7. Bridge with your feet on the ball
Starting position lying on your back, with your feet on the ball. As we exhale, we lift our glutes, contract the pelvic floor muscles. We return to the starting position.
The starting position is lying on your back. We cover the ball with our feet, while exhaling, we lift the ball. We return to the starting position.
Starting position lying on your back, with your feet on the ball. When exhaling, we direct the knees to the right and to the left, we contract the pelvic floor muscles. We return to the starting position.
10. Contraction of the pelvic floor muscles.
The starting position is to sit on the ball, with your palms and knees resting on the wall. The back is straight. When inhaling, relaxation, when exhaling, contraction of the pelvic floor muscles.
11. Rotation of the pelvis
The starting position is to sit on the ball. We perform a movement of the pelvis from side to side, while when exhaling we perform a contraction of the pelvic floor muscles.
12. Buckles on the ball.
The starting position is to sit on the ball. As we exhale, jump off the ball.
By performing these exercises correctly and consistently, you will significantly strengthen your pelvic muscles and tone them. Absolutely all exercises can be done at home with improvised means. If you don’t have a fitball at home, do the exercises without using it.
Exercises for pregnant women are no different in nature. It is worth excluding only those exercises that a woman simply cannot physically perform due to an increase in the abdomen. It is worth noting that the exercises should not be performed with too much intensity during pregnancy, so as not to overextend the pelvic floor muscles.
If you are in doubt about the correctness of the exercises, watch the training video.
Kegel exercises to strengthen muscles
Combine activities with other workouts for greater efficiency. Lie on your back, bend your legs, get on the bridge, tighten your intimate muscles for a few seconds, relax, and lower yourself. Only 10-20 of these Kegel repetitions will speed up blood flow and oxygenation. Lie on your stomach, bend your knees, and alternate gentle tension with gentle relaxation. Sit cross-legged, align your back and neck, and hold the pose while exercising. Get on all fours, get on your elbows and feel the compression in and up, gradually exerting yourself.
Kegel exercises for pregnant women
For a full nine months, the body literally works through wear and tear, because the load and pressure on the uterus increase significantly. Regular Kegel exercise promotes faster and less painful labor. The probability of rupture is reduced and the process is much easier overall.

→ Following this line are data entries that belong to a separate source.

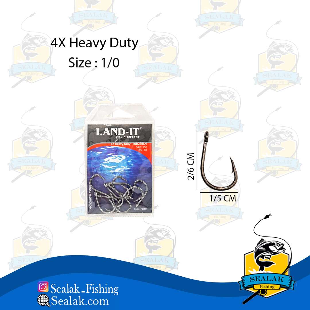 قلاب ماهیگیری برند Land-It مدل 4X-Heavy-Duty از قوی ترین نوع قلاب های پایه کوتاه برای ماهیگیری در آب شور و صید ماهیان سایز بزرگ به شمار می رود . این قلاب ها بر خلاف بسیاری از قلاب های هم نوع خود که برای ماهیگیری در اب شیرین طراحی شده اند و در صورت استفاده در آب شور طی مدت زمان کوتاهی عملکرد اولیه خود از دست می دهند ، توانسته اند در فواصل زمانی بلند مدت کارایی خوب خود را حفظ کنند و عملکرد بالایی را از خود نشان دهند .
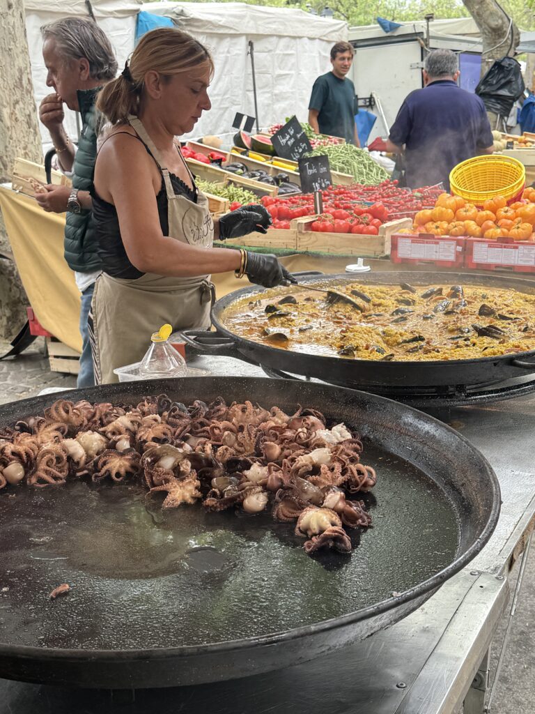 Wednesday mornings in this town mean one thing: the dockside market stretching along the port in a swirl of color, scents, and irresistible treats. Local cheeses, fresh produce, honey, warm pastries, and bread – it’s a feast for the senses, and we loved sampling everything. And it wasn’t just food – clothing, shoes, jewelry, even mattresses were on offer!
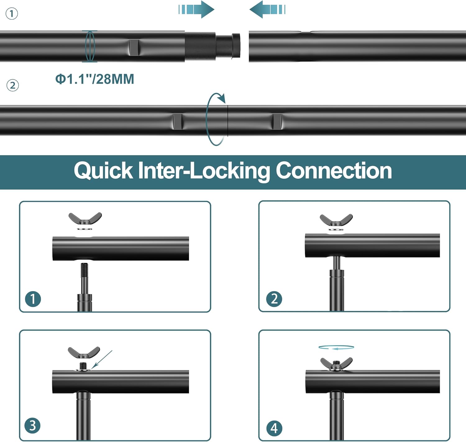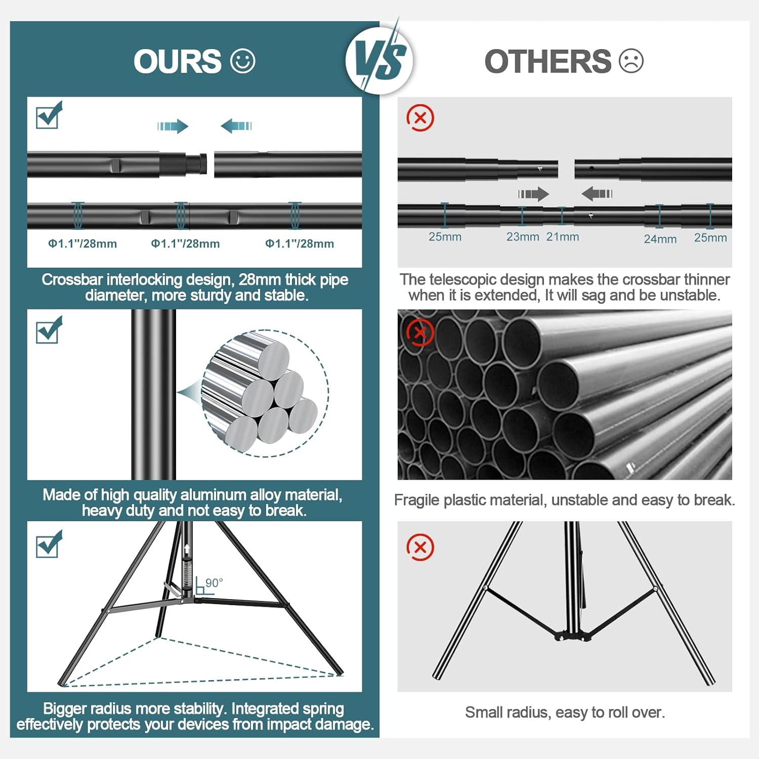 - The Heavy Duty Backdrop Support System Is Easy To Set Up And Take Down,No Need For Any Tools.Aluminium Material, Stable And Sturdy, Suitable For Backdrop, Home, Studio Or Outdoor
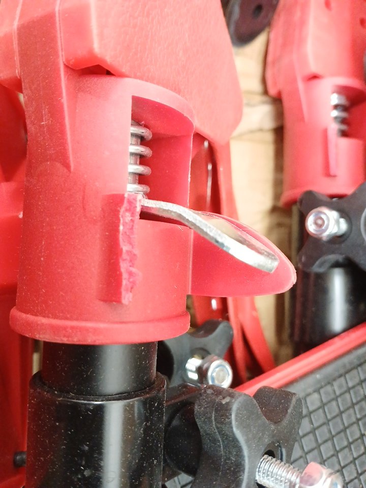 One of the jacks is missing its top piece (see last image for reference) and will need to be replaced in order to be used. This item has scratches and some of its plastic is snapped off
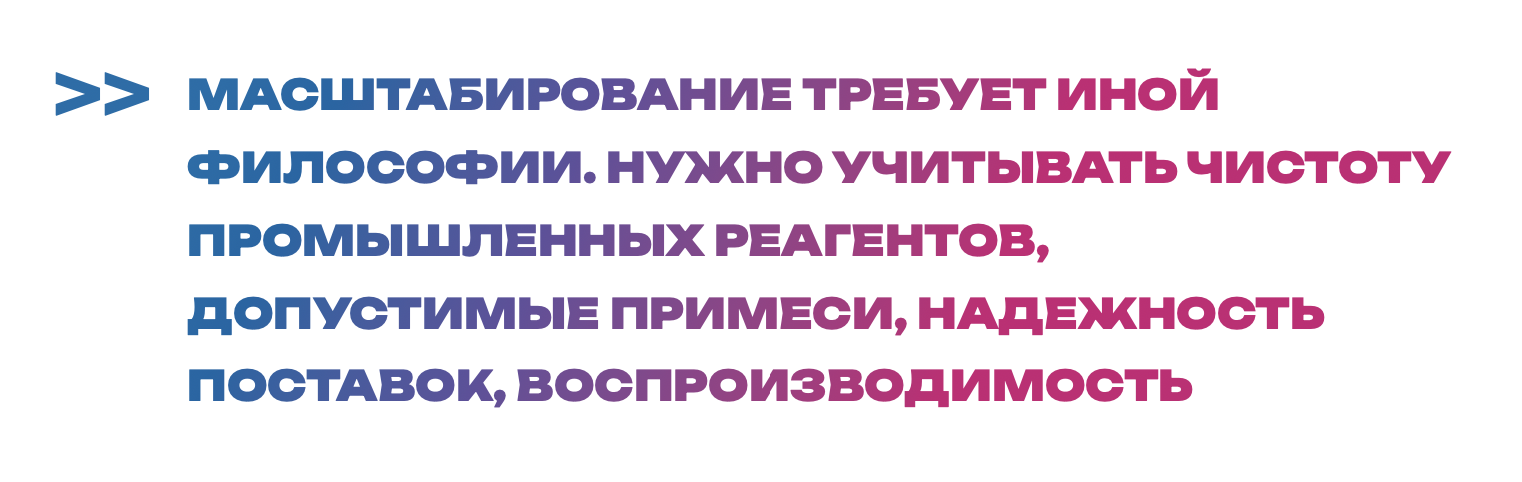 Этот процесс вызывает у ученого наибольшее беспокойство. Одно дело — синтезировать граммы вещества из высокочистых реагентов, допуская, что девять попыток из десяти могут оказаться неудачными, а одна даст тот самый результат. Совсем другое — когда речь идет о килограммах и сотнях килограммов. Ты не можешь позволить себе десять неудачных синтезов по 10 или 100 килограммов каждый — это другие ресурсы, другое оборудование, другие деньги.
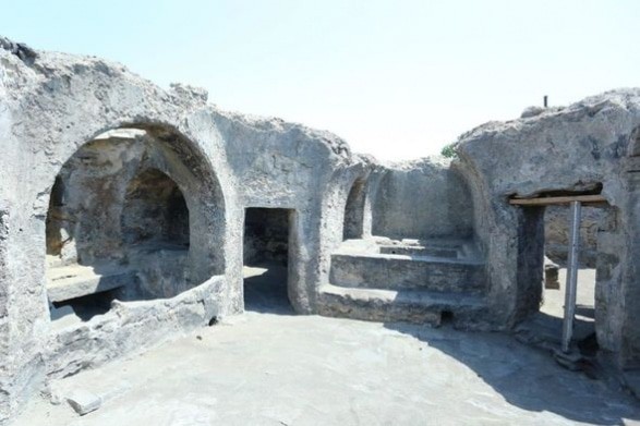 А вот что на этом месте создали в этом году. На 8-м снимке нового поселка показан Овдан - в таких строениях люди брали подземную воду - спускались по каменной лестнице вниз к подземному колодцу и черпали оттуда. Овданы, не действующие, сохранились в Баку и во всех поселках Апшерона. Дальше можно видеть развалин общественной бани и фотографию цеха по изготовлению ковров.
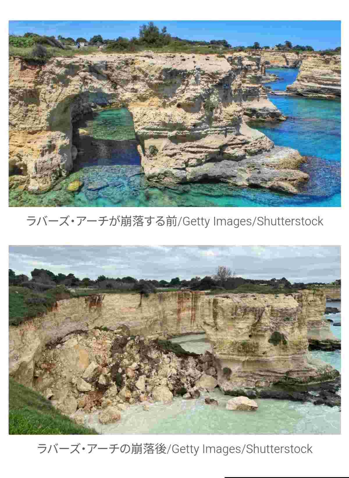 「このアーチの下でキスをしたカップルは永遠の愛で結ばれるの😍」のアーチが崩落して消え去る
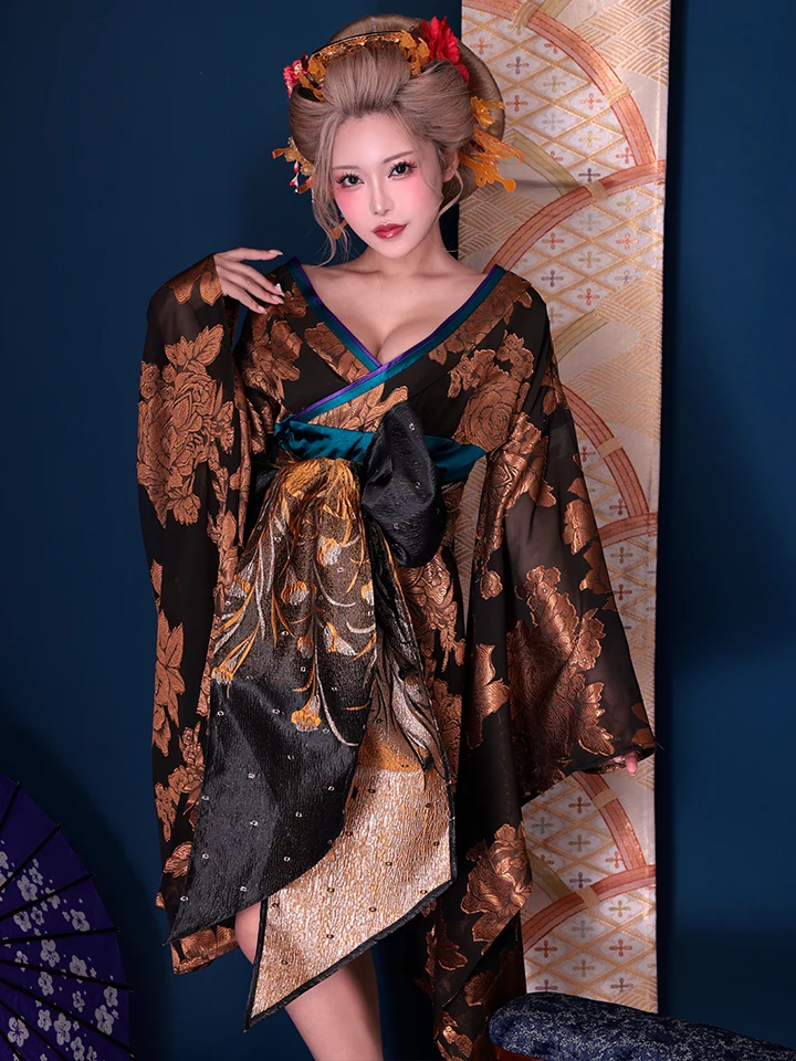 4. 【2点セット】花魁 大奥 ミニ花魁コスプレ 金箔牡丹 黒×金 和柄 本格和装 着物 花魁ドレス| vcsot-250757-1
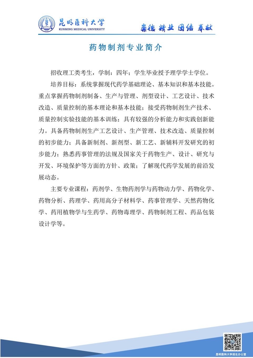 昆明醫科大學2020年招生專業介紹--藥物制劑
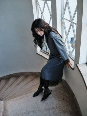 梳毛調の縦横ストレッチ素材を使用しているので綺麗見えな素材感ながらもストレスフリーな着心地が魅力。ぺチワンピースはサテンストレッチ素材を使用しているのでさらりと着心地の良い素材感です。
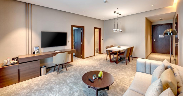 Millennium Place Barsha Heights Hotel is a brand new, 4-star business and family accommodation in Dubai where the fresh, modern art-deco interiors of 468 hotel rooms have been carefully designed to create a welcoming haven for guests. The hotel is located in one of Dubai’s most connected and lively areas, home to many creative SMEs and local businesses in close proximity to the city’s beaches, shopping malls, golf club, restaurants, cafes and major tourist attractions. Enjoy easy access from the hotel to all major points including Dubai Internet City, Dubai Media City, Dubai Marina, Jebel Ali and the Expo 2020 site. Our appealing hotel is also within walking distance to lovely outdoor natural areas like The Greens and Al Barsha Park, which offers a serene atmosphere with gardens, shaded walkways and a lake in the centre of the community. Situated just five minutes from Dubai Internet City Metro station and 20 minutes to Dubai World Trade Centre, the hotel provides guests with free parking and complimentary shuttle bus service to Mall of Emirates, Jumeirah Beach, DIC Metro Station and many other local landmarks. It’s a welcoming community with everything you need virtually at your door step, where you can relax and spend time with business associates, friends and loved ones.Both leisure and corporate travelers can unwind in two outdoor temperature-controlled swimming pools and a fully equipped health club. Young guests can have a safe splash in the kids pool adjacent to our main pools and enjoy activities at our full-fledged Kids Club. Offering impressive amenities including complimentary wireless Internet, our friendly and sincere promise to guests is to help you find your happy place here at Millennium Place Barsha Heights Hotel with our dedicated focus on generating smiles throughout the guest journey using our trademark handcrafted hospitality.Millennium Place Barsha Heights Hotel is a brand new, 4-star business and family accommodation in Dubai where the fresh, modern art-deco interiors of 468 hotel rooms have been carefully designed to create a welcoming haven for guests. The hotel is located in one of Dubai’s most connected and lively areas, home to many creative SMEs and local businesses in close proximity to the city’s beaches, shopping malls, golf club, restaurants, cafes and major tourist attractions. Enjoy easy access from the hotel to all major points including Dubai Internet City, Dubai Media City, Dubai Marina, Jebel Ali and the Expo 2020 site. Our appealing hotel is also within walking distance to lovely outdoor natural areas like The Greens and Al Barsha Park, which offers a serene atmosphere with gardens, shaded walkways and a lake in the centre of the community. Situated just five minutes from Dubai Internet City Metro station and 20 minutes to Dubai World Trade Centre, the hotel provides guests with free parking and complimentary shuttle bus service to Mall of Emirates, Jumeirah Beach, DIC Metro Station and many other local landmarks. It’s a welcoming community with everything you need virtually at your door step, where you can relax and spend time with business associates, friends and loved ones.Both leisure and corporate travelers can unwind in two outdoor temperature-controlled swimming pools and a fully equipped health club. Young guests can have a safe splash in the kids pool adjacent to our main pools and enjoy activities at our full-fledged Kids Club. Offering impressive amenities including complimentary wireless Internet, our friendly and sincere promise to guests is to help you find your happy place here at Millennium Place Barsha Heights Hotel with our dedicated focus on generating smiles throughout the guest journey using our trademark handcrafted hospitality.
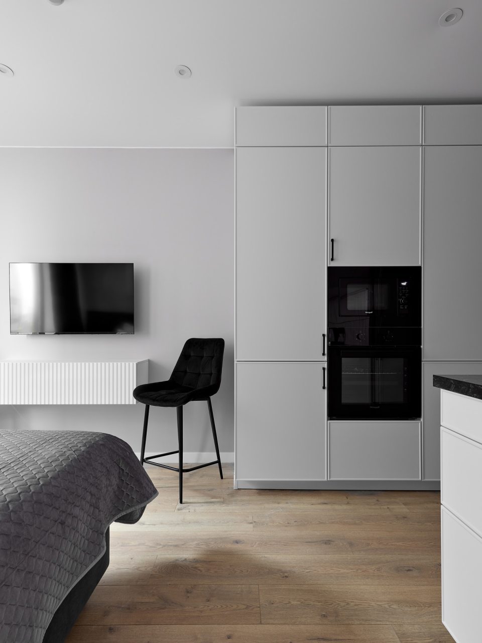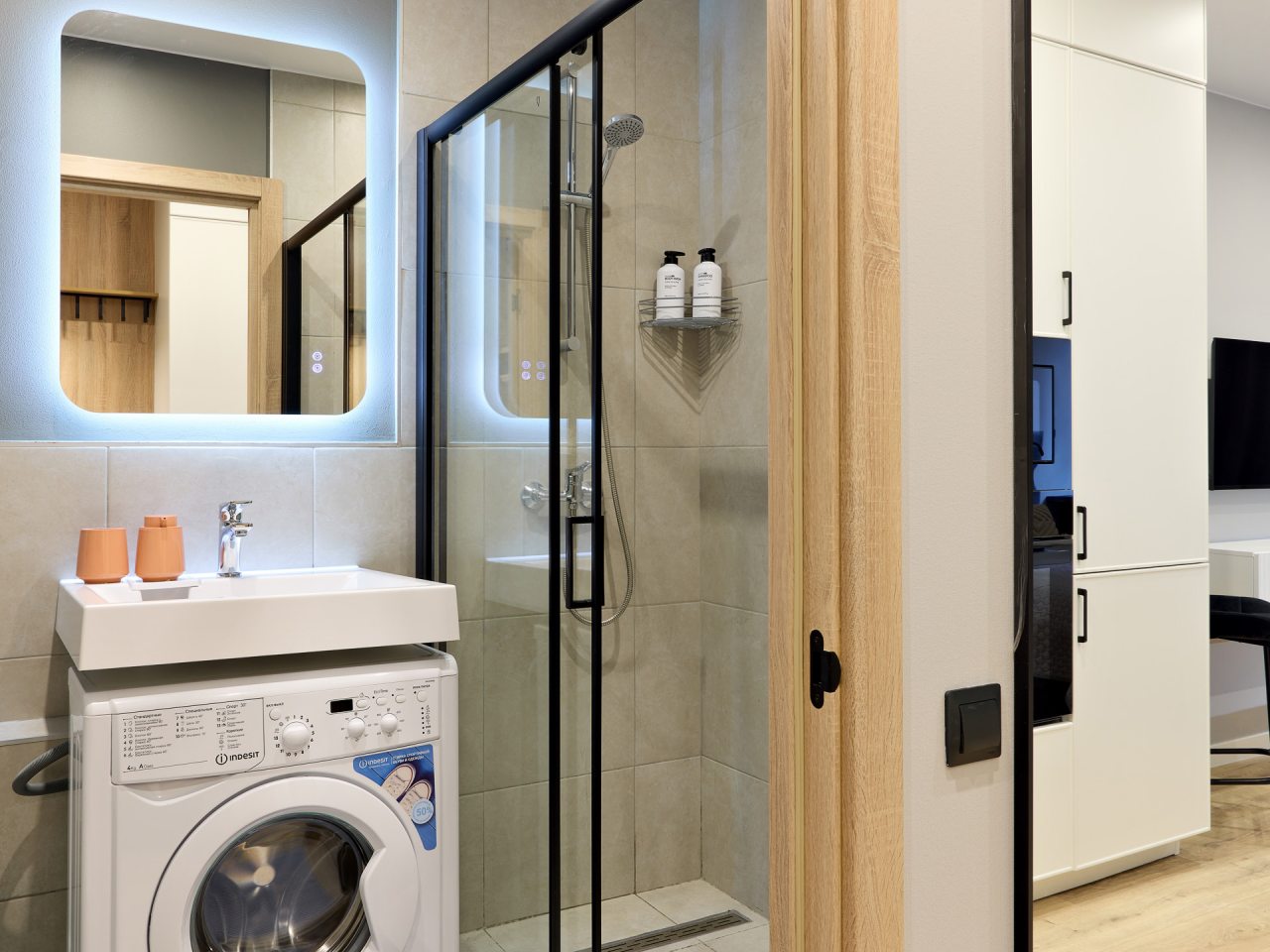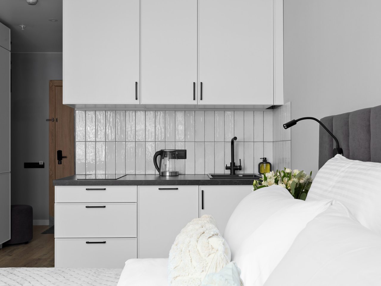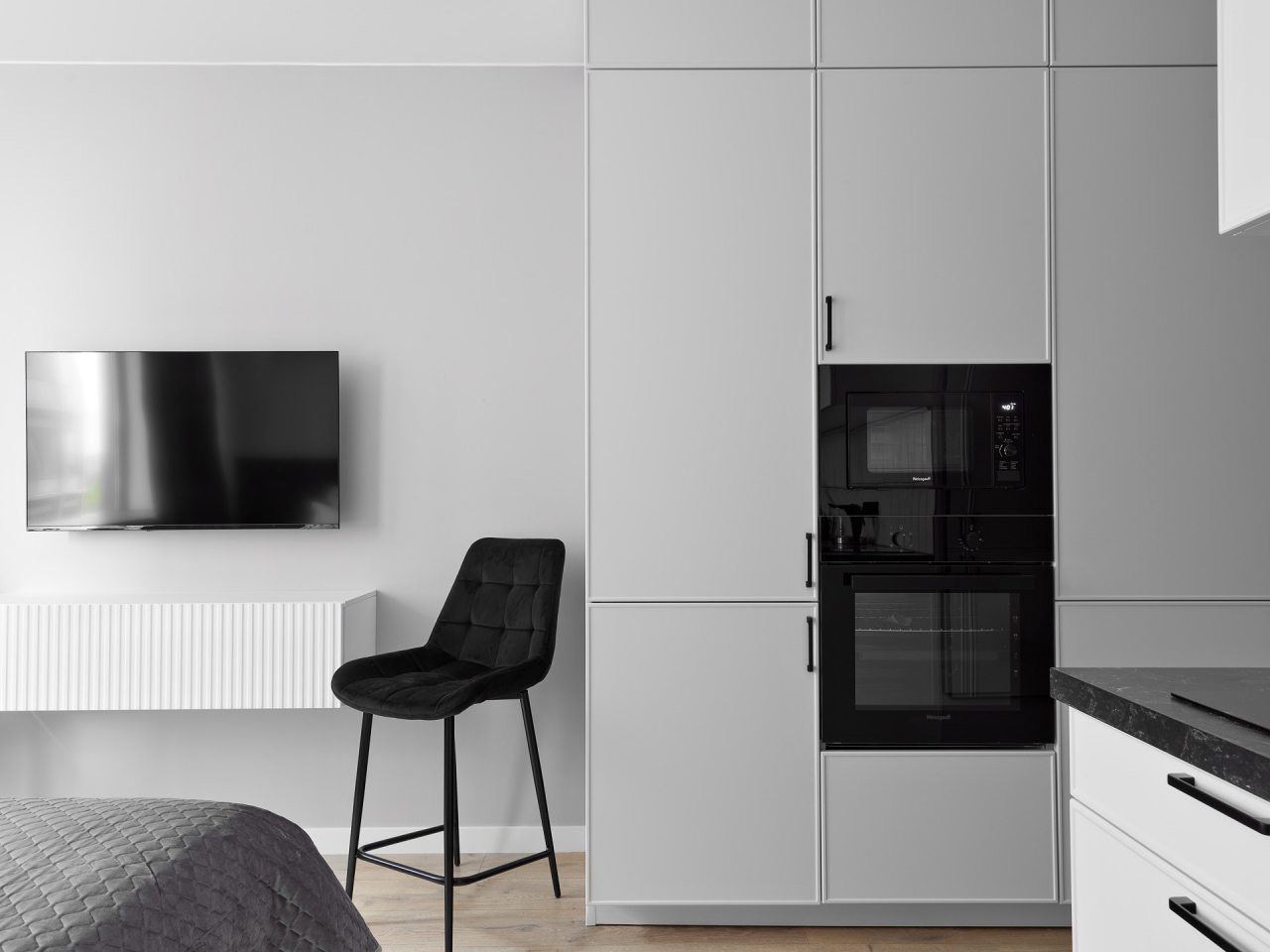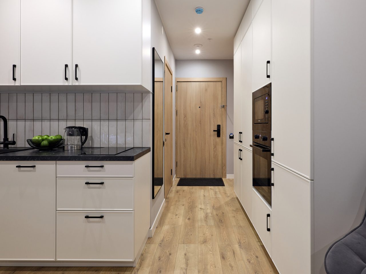 Кухонная зона порадует вас наличием посудомоечной машины, варочной панели, большого холодильника, духового шкафа, СВЧ-печи и электрического чайника, благодаря чему вы сможете приготовить абсолютно любое блюдо.
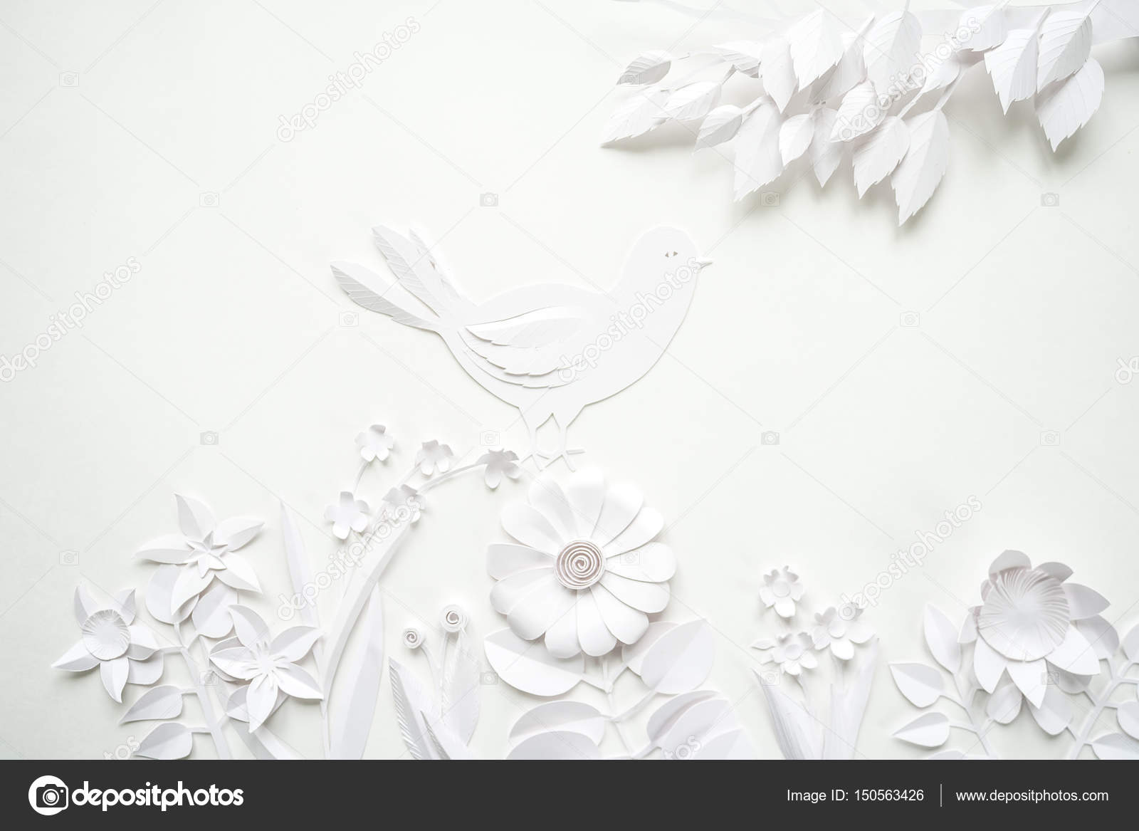 White Paper Flowers Wallpaper On White Background Spring Summer
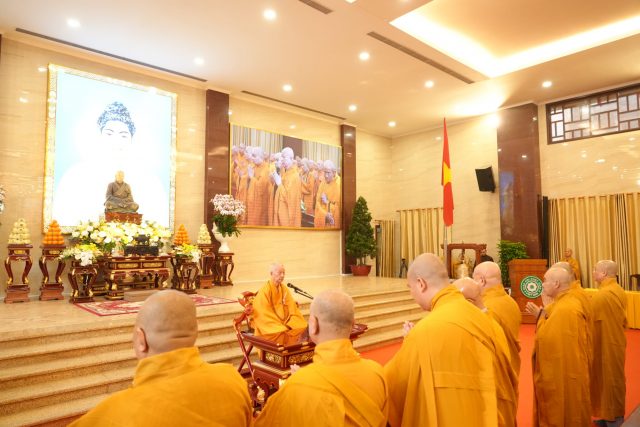 Đức Pháp chủ sách tấn chư Tăng Ni tham dự khóa học cần chuyên tâm tu học, nghiêm trì giới luật, phát huy tinh thần kỷ cương – trách nhiệm – đoàn kết, gắn việc tu tập nội tâm với thực hành Phật sự, tích cực phụng sự đạo pháp và dân tộc trong bối cảnh xã hội hiện nay.

During pregnancy, severe toxicosis or bleeding are added to the standard contraindications. After the sixteenth week, do the exercises only sitting or standing to relieve pressure. The main thing is not the amount, but the regularity, so 20-30 cuts are enough, but every day. The main exercise during pregnancy is to perform between 10 and 15 repetitions. Take a comfortable position and relax completely, and then hold your breath and push for 3-4 seconds. Before such training, it is imperative to empty the intestines. During labor, this exercise will help you push properly. Stand with your legs slightly apart, slightly bend your knees, and roll your hips to the sides. When you get to the extreme, tighten your intimate muscles and stay.
Postpartum recovery can take months or even years. During this period, young mothers often worry only about the tone of the abdominal muscles and completely forget about the intimate muscles. With regular exercise, recovery is easier, and this has been experimentally proven. The best exercise for recovering from childbirth at home is the “lift”, which at the same time will help to feel all the muscles again. Lie on your back, slightly bend your knees and gradually tighten your muscles from the outside in, like in rings. Pause a little on each ring and repeat 10-15 times.